Should the United States forever devote a growing portion of federal revenue to older generations? Maybe not. Social Security and Medicare date back decades, to a time when few foresaw the portion of federal revenue they’d gobble up. Almost nobody would design a program from scratch that got unsustainably expensive over time.
“The growth of Social Security and Medicare should be slowed,” argues Andrew Biggs of the American Enterprise Institute. “Government has important jobs other than taking money from young people and giving it to old people. Americans want a national defense; roads and bridges and airports; better health coverage; security against terrorism; schools and college tuition; and countless other things that the federal government does.”
Raising taxes obviously brings in more revenue, so in theory you could keep retirement programs going with the higher taxes Biden wants. But there’s an optimal level of taxation that maximizes economic growth, which is best for everyone. More taxation is not always better. And the most effective way to fix unsustainable programs is usually a mix of tax increase and benefit reductions.
There are many sensible ideas for trimming Social Security and Medicare to help keep the programs solvent, without wrecking benefits for those who need them most. For Social Security, the eligibility age has been raised before and could be raised again, as Americans live longer and healthier. It could also be indexed to longevity, so it rises automatically with life expectancy and Congress doesn’t have to make politically difficult decisions. Benefits could be capped or even eliminated for wealthy retirees. A more extreme measure would be reducing benefits for everybody in accordance with the program’s funding.

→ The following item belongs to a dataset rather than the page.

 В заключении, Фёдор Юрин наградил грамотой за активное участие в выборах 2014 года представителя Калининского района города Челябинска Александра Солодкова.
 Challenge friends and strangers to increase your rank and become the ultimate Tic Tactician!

Medicare is different, since unsubsidized health care can be ruinously expensive and competent care is obviously a life-or-death matter. But changes are still possible. Reform advocates recommend new ways for Medicare to lower payments to providers and other costs. Adopting some private-sector practices could make Medicare more efficient. Broader reforms might include new pathways for future doctors and other providers to enter the profession without taking on gargantuan amounts of debt that then require high salaries to pay off what they owe.

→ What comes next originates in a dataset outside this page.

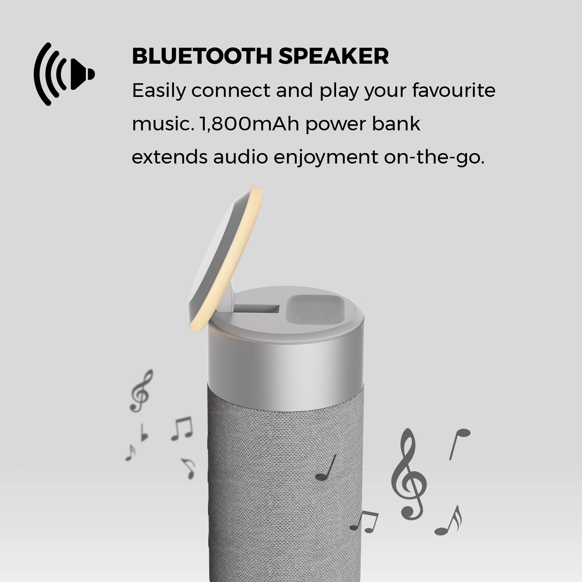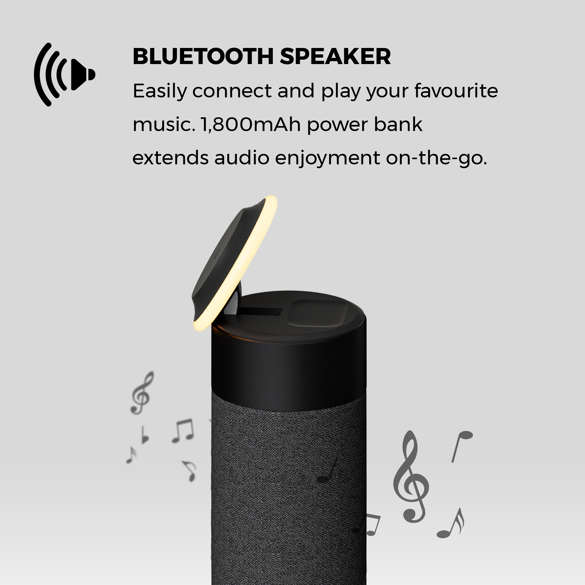 Wireless Bluetooth speaker allows you to easily connect and play your favourite music. The built-in 1,800mAh power bank extends audio enjoyment on-the-go.

Biden isn’t talking about any of this. He’s only promising to protect Social Security and Medicare as they are. He’s also not debunking the myth that Americans are only getting back what they put into the two programs, through the payroll taxes everybody pays up to a certain percentage of income.

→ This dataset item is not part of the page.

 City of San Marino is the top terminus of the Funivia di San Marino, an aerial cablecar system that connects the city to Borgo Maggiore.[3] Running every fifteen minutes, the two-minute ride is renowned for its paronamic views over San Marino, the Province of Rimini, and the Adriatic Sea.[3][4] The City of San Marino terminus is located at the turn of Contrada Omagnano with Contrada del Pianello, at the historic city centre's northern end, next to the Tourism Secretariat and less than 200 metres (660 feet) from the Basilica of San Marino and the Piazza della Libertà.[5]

Social Security and Medicare tax revenue does not go into a bank where it’s held until needed by each individual payer. Instead, this money is an outright transfer from current workers to retirees. That’s actually a good deal for retirees, since on average a typical couple gets about 90% more from the system than they paid in, adjusted for inflation. On the current trajectory, that “bonus” is due to rise. Anybody advocating for a 1-to-1 payback on money paid in is actually calling for a huge cut in benefits.
Congress will have to grapple with Social Security and Medicare shortfalls eventually. Once the programs run short of money, the government might still be able to stall by borrowing to make up the difference or simply funding the shortfall from general revenue. But sooner or later, the funding gap will grow too large to ignore. Biden may be betting it won’t happen on his watch, and he may be right. But some future president is going to have to start telling the truth about Social Security and Medicare.